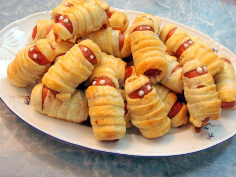 Ингредиенты: 500 г. дрожжевого слоеного теста 500 г. сосисок 50 г. сыра (по желанию) Яйцо (для смазки) Приготовление: 1. Сосиски очищаем от плёнки. Делаем разрез вдоль. 2. Сыр трем на мелкой терке и аккуратно кладем в разрез. 3. Тесто раскатываем примерно 0.5-1 см, делаем полоски во всю длину теста. 4. Сосиску заворачиваем в полоску теста, выкладываем на противень (на расстоянии). 5. Взбиваем яйцо и обмазываем тесто. Отправляем в духовку на 20 минут при температуре 180 градусов. ГОТОВО)
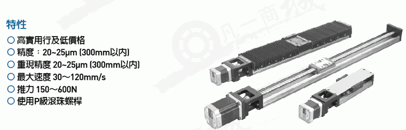 1)多工設計:整合驅動用的滾珠螺桿及導引用U型軌道,除提供精密直線運動,也能搭配多功能配件。在導入多用途的應用設計時非常方便,也能達成高精密線性傳動的需求。
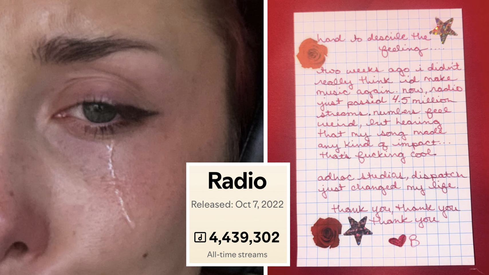 «Еще две недели назад я и не думала, что снова буду заниматься музыкой. Сейчас число прослушиваний Radio преодолело отметку в 4,5 миллионов (уже 6 млн). Необычно видеть такие цифры. Читать, что моя песня оказала хоть какое-то влияние… это чертовски круто». Также Bershy отметила, что Dispatch изменила ее жизнь.
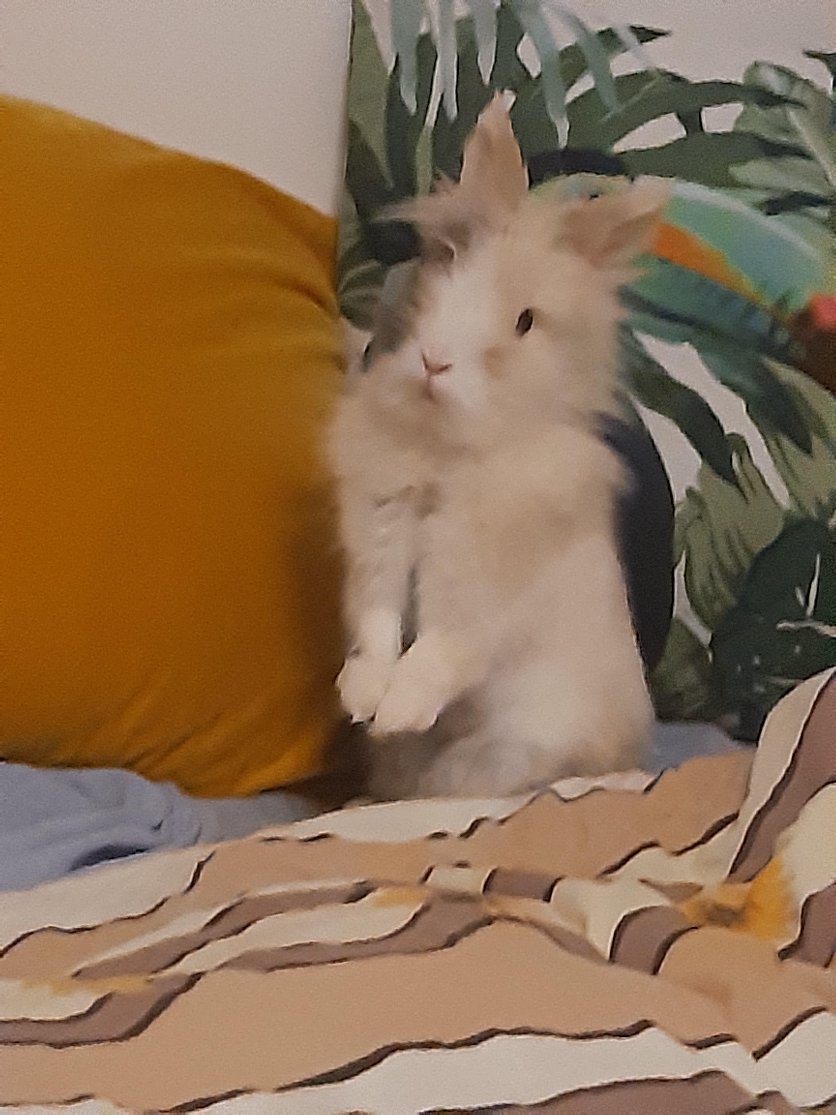 My bunny was digging into my pillow, I wanted to stop her from far so I snapped my fingers, this was her reaction.
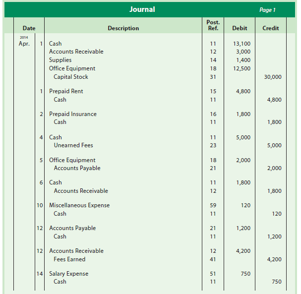 After analyzing each of Kelly Consulting’s transactions for April, the journal entries are recorded as shown in Exhibit 9.
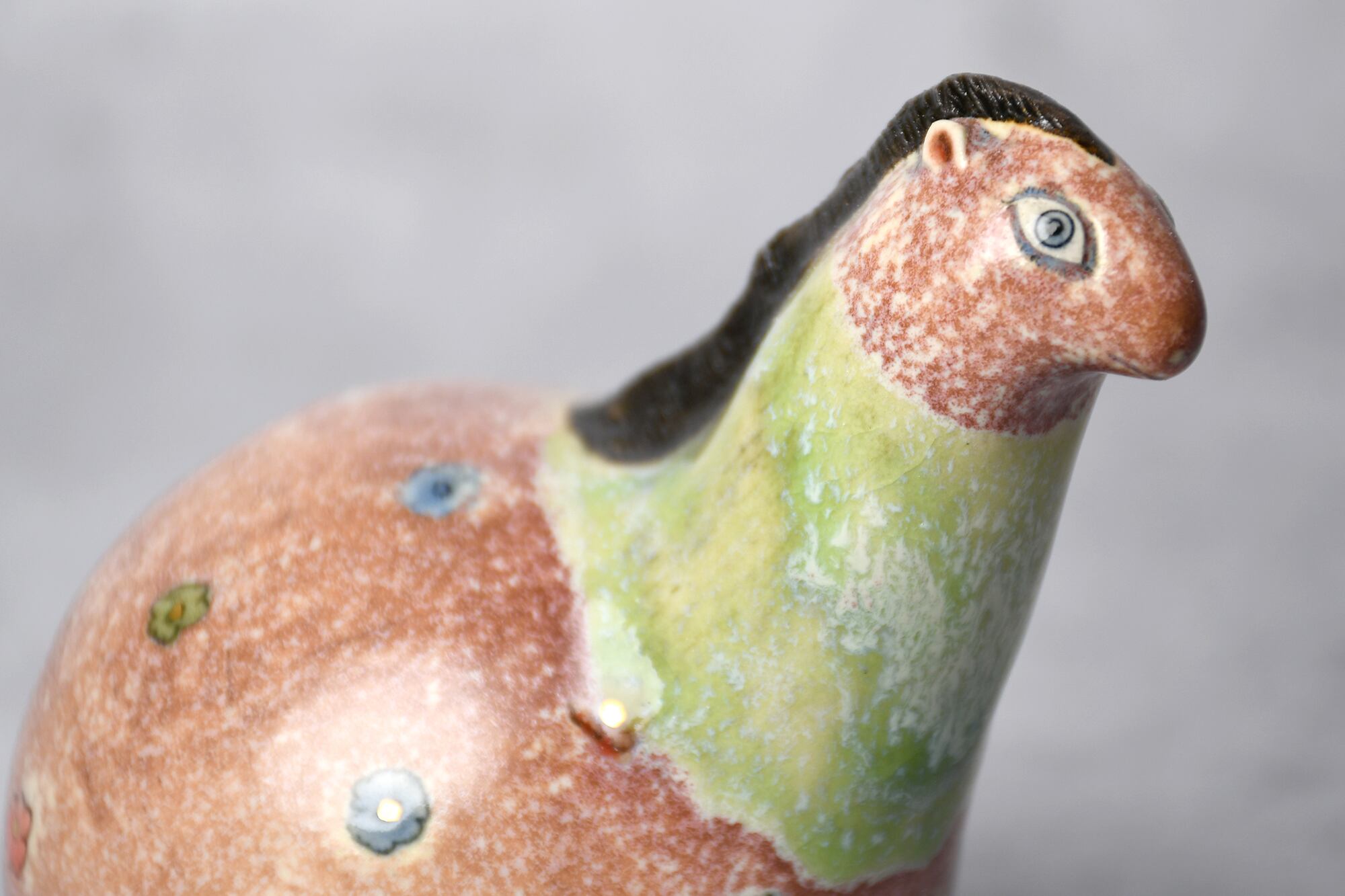 線刻・釉彩・金彩を施した、陶のお雛様です。空洞になったお腹の中には土のかけらが入っているので、振り動かすとささやかに音がします。
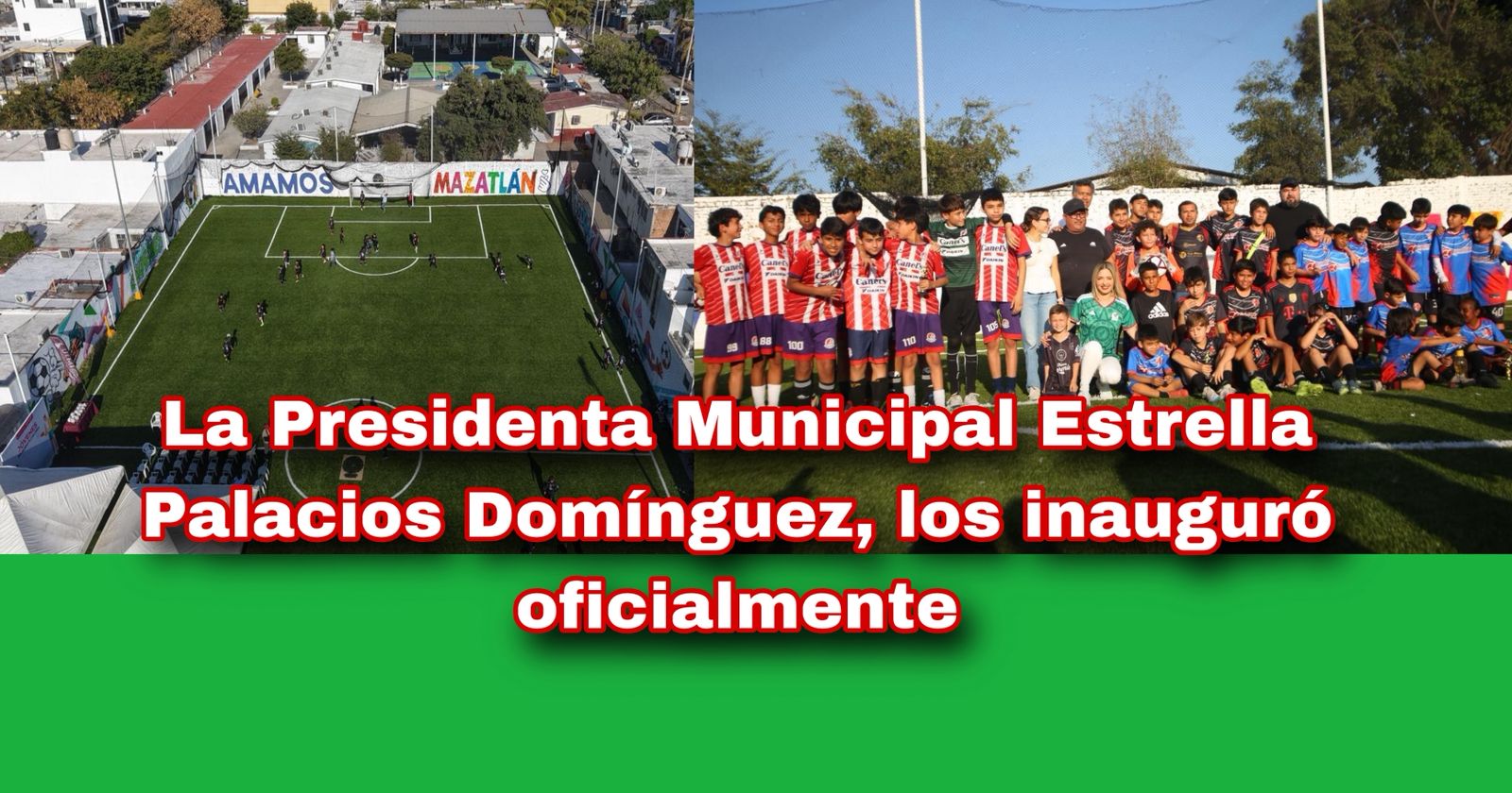 Mazatlán, Sin,, 26 marzo 2026.- Como parte de las acciones de atención a las causas y la reconstrucción del tejido social, la Presidenta Municipal, Estrella Palacios Domínguez, inauguró oficialmente los murales que embellecen la cancha de futbol de la colonia López Mateos, realizados dentro del programa “Jóvenes Pintando tu Colonia”.
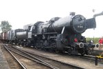 Former German Kriegslok 52 3879 with ex-BBÖ LOkalbahnwagen on a shuttle trip to Apeldoorn just has left Beekbergen, the depot of the Dutch steamtrain museum society VSM om 4 september 2007.
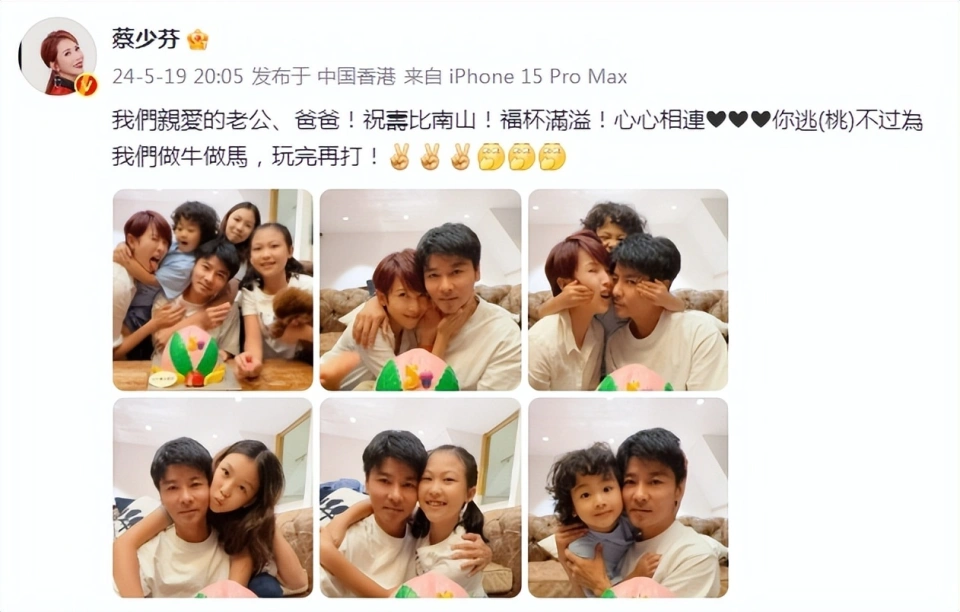5月19日晚,蔡少芬在个人社交平台分享了一组一家五口百口福为老公张晋庆祝生日,她还发文为老公奉上生日祝福,只是这祝福就特俏皮啦,一句“你逃不外为我们做牛做马,玩完再打”简直将他们一家五口的幸福温馨家庭氛围完善表明,羡煞旁人。 晒出的百口福里,蔡少芬和老公儿女全部出镜,一家五口挤在沙发上拍下幸福一幕,满满的温情都快溢出屏幕了。 蔡少芬被小儿子鱼蛋搂住脖子,老母亲还应景地做出“吐舌”心情,也太可爱了。鱼蛋宝贝一头小卷发好可爱啊,之前他的齐刘海中长发被不少人热议,此次出镜,小家伙已经换成了小卷发,看来蔡少芬有看到各人的批评。 张晋坐在妻子儿子旁边,老父亲看着镜头笑得一脸甜蜜,真是隔着屏幕都被秀了一脸啊有木有。13岁的大姐汤圆已经出落得亭亭玉立,颜值非常高,气质也和妈妈愈发像了。她微笑坐在爸爸妈妈反面,和妈妈差不多的面庞儿超抢镜。二姐包子扎着俏丽可人的头发,笑对镜头灵动可人。小妮子和姐姐一样都长得像妈妈多一些。蔡少芬家的三个宝贝都遗传到了她和张晋的高颜值,一个比一个悦目。一家五口齐划一整同框好有爱。 蔡少芬和老公甜蜜同框,已经结婚十多年的他们仍旧和热恋时期差不多,浓情蜜意甜翻众人。在夫妻合照里,张晋将蔡少芬搂在怀里,蔡少芬则伸手捧着老公的脸,夫妻俩对镜暴露同款笑脸超甜蜜。 蔡少芬为老公准备了一个大大的寿桃蛋糕,上面镶嵌着张晋生日的数字。原来张晋已经50岁啦,真是韶光飞逝。而50岁的张晋已经有白头发了,在和妻子同框时,他头上的白发格外抢镜。 画面一转,鱼蛋宝贝伸手将爸爸妈妈的面庞儿按在一块儿,蔡少芬的面庞儿都被儿子按变形啦,简直太可笑了。鱼蛋宝贝在爸爸妈妈身后做出鬼脸警惕情,真是实打实的小调皮蛋儿。 张晋和大女儿贴脸同框,宝贝还嘟着嘴巴卖萌,美丽又可人。而细看照片不难发现,汤圆已经开始染发啦,浅棕色的发色超惹眼。不光如此,从这个角度还能看到,小妮子的胳膊好细长,一看就是和妈妈一样的高个子。 包子搂着爸爸笑得那叫一个开心,张晋脸上始终挂着无比幸福的笑脸,真是隔着屏幕都被秀到了。而这个角度下的张晋,白发也显得格外惹眼。 在和三胎儿子鱼蛋同框时,老父亲的心情稳定,好有爱。小鱼蛋长成了爸爸的mini版,父子俩同框简直就是“共用一张脸”。所以,蔡少芬家的两个女儿长得像妈妈,而小儿子就随了张晋,真是太完善了。 其着实蔡少芬晒照之前,张晋就高调po出了和家人一同庆生的照片。照片里,张晋和蔡少芬甜蜜拥吻,如胶似漆的样子那里像是结婚十几年的老夫老妻,太齁甜了。 而一家五口百口福里,蔡少芬和两个女儿相似的面庞儿,以及三胎儿子仰头翻白眼的警惕情都十分抢镜。寿星张晋端着生日蛋糕站在妻子孩子的中心,三个宝贝各自卖萌,一家五口其乐陶陶,幸福羡煞旁人。 蔡少芬和张晋结婚至今感情一直都非常稳定,现在看到夫妻俩仍旧甜蜜如初,确实让人非常倾慕。盼望夫妻俩将来继续保持如许的幸福高糖呀! 图片源于网络 |
= = = = = = =
◆ What the task requires ◆
When copying the listing above, begin at its first line and stop after the line with "1)多工設計:整合驅動用的滾", keeping each line exact and dropping the pictures.

◆ Answer to the exercise ◆
 Ингредиенты: 500 г. дрожжевого слоеного теста 500 г. сосисок 50 г. сыра (по желанию) Яйцо (для смазки) Приготовление: 1. Сосиски очищаем от плёнки. Делаем разрез вдоль. 2. Сыр трем на мелкой терке и аккуратно кладем в разрез. 3. Тесто раскатываем примерно 0.5-1 см, делаем полоски во всю длину теста. 4. Сосиску заворачиваем в полоску теста, выкладываем на противень (на расстоянии). 5. Взбиваем яйцо и обмазываем тесто. Отправляем в духовку на 20 минут при температуре 180 градусов. ГОТОВО)
 1)多工設計:整合驅動用的滾珠螺桿及導引用U型軌道,除提供精密直線運動,也能搭配多功能配件。在導入多用途的應用設計時非常方便,也能達成高精密線性傳動的需求。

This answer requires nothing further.